Court of Appeals of Ohio, Fourth District, Athens County
Nov 14, 2008
2008 Ohio 6096 (Ohio Ct. App. 2008)

Opinion

No. 07CA22.

Date Journalized: November 14, 2008.

Criminal appeal from Common Pleas Court.

David H. Bodiker, Ohio Public Defender, and Melissa M. Prendergast, Assistant State, Counsel for Appellant.

On January 1, 2008, subsequent to the filing of this appeal, Timothy Young was named the Director of the Ohio Public Defender's Office.

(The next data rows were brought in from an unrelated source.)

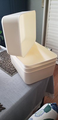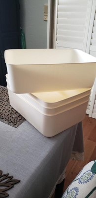 [This review was collected as part of a promotion.] These storage bins are great for use as a storage basket or cupboard organizer. They are a soft off-white color with rounded corners, cute and stylish. I use one in my bathroom to store shampoos and other hair products. I have one under my kitchen sink to store cleaning products,sponges,etc. I have the other two in my hallway cupboard to hold things like batteries, plastic utensils, vitamins, craft items, and more. They would work great in a dorm room where space is limited, even under the bed. They are cute enough to put on a shelf. I'm thinking about getting more to use in my pantry. They are sturdy enough!
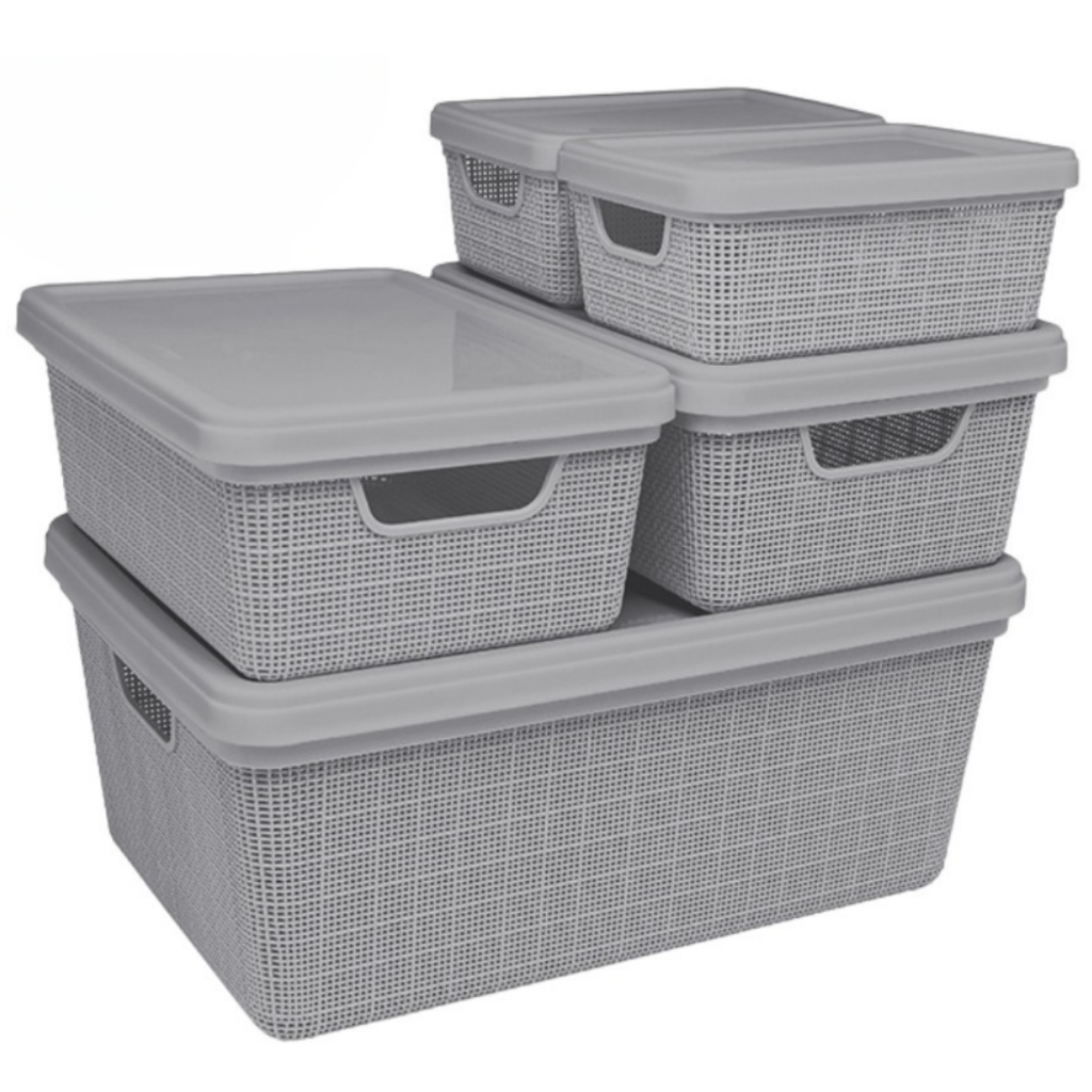 Kit 5 Caixa Organizadora Cesto com tampa grande em plástico em Promoção 1,8 L 5 L 15 L
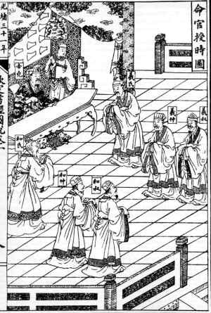 制定歷法,就是“觀象授時(shí)”,對(duì)統(tǒng)治者來(lái)說(shuō)是最重要的事情。天文歷法象征著帝王“君權(quán)神授”的統(tǒng)治權(quán)威。傳說(shuō)堯帝就命天文學(xué)家羲、和二氏進(jìn)行天文觀測(cè)以制定歷法!渡袝(shū)·堯典》說(shuō):“乃命羲和,欽若昊天,歷象日月星辰。”當(dāng)時(shí)是以觀測(cè)日出方位和黃昏時(shí)中天的恒星來(lái)確定季節(jié)。根據(jù)書(shū)中記錄的“中星”天象,可以推斷堯帝“觀象授時(shí)”的年代約在公元前23世紀(jì)。當(dāng)時(shí)制定的歷法是一年有366天,以置閏月的方法保持與季節(jié)同步。

C. David Warren, Athens County Prosecuting Attorney, and Sabrina J. Ennis, Counsel for Appellee.


DECISION AND JUDGMENT ENTRY


{¶ 1} This is an appeal from an Athens County Common Pleas Court judgment of conviction and sentence. Carl Scheutzman, defendant below and appellant herein, pled guilty to two counts of arson in violation of R.C. 2903.03(A)(1).

{¶ 2} Appellant assigns the following errors for review:

FIRST ASSIGNMENT OF ERROR:

"WHERE THE TRIAL COURT DOES NOT MERGE FOR PURPOSES OF SENTENCING DUPLICATIVE CRIMINAL COUNTS, THE CONSECUTIVE SENTENCES THAT RESULT ARE VOID. FURTHERMORE, THE SENTENCE MUST BE VACATED BECAUSE IT VIOLATES DOUBLE JEOPARDY PROTECTIONS AND DUE PROCESS OF LAW."

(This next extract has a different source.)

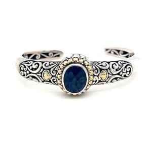 18k Gold and sterling Silver Blue Lapis Lazuli Open Cuff.
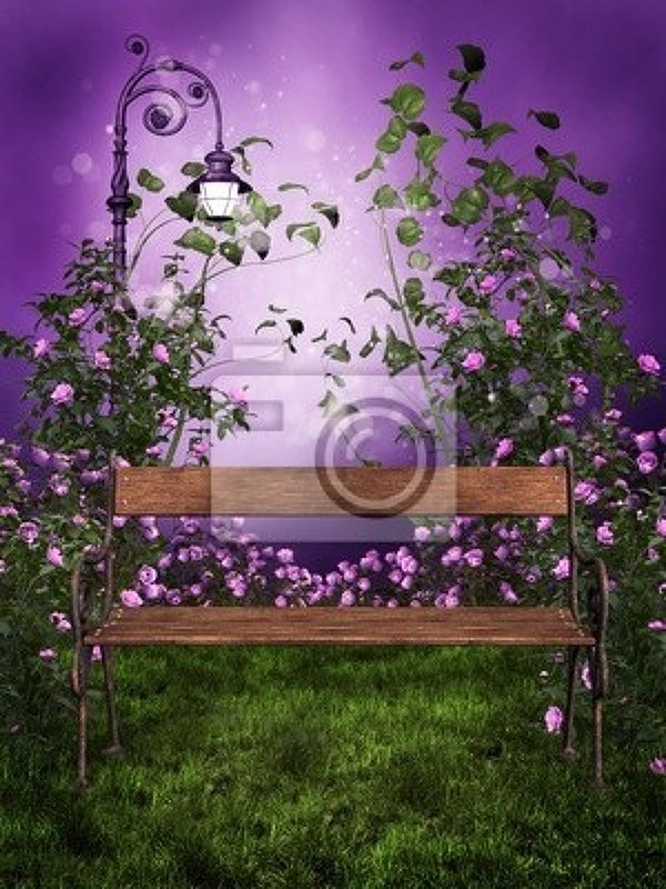 Фиолетовые фотообои со скамейкой артикул 10005126

SECOND ASSIGNMENT OF ERROR:

"CARL SCHEUTZMAN WAS DENIED THE EFFECTIVE ASSISTANCE OF COUNSEL WHERE TRIAL COUNSEL FAILED TO OBJECT TO THE TRIAL COURT'S IMPOSITION OF RESTITUTION WITHOUT AN INQUIRY INTO MR. SCHEUTZMAN'S ABILITY TO PAY."

THIRD ASSIGNMENT OF ERROR:

"THE TRIAL COURT DID NOT HAVE THE AUTHORITY TO IMPOSE CONSECUTIVE SENTENCES."

{¶ 3} On the evening of March 17, 2007, appellant discovered that his girlfriend, Tabitha George, had taken their child to a home where crack was being smoked. Irate at his girlfriend's irresponsibility, appellant set fire to two vehicles at the premises. Subsequently, the Athens Country Grand Jury returned an indictment charging appellant with two counts of arson.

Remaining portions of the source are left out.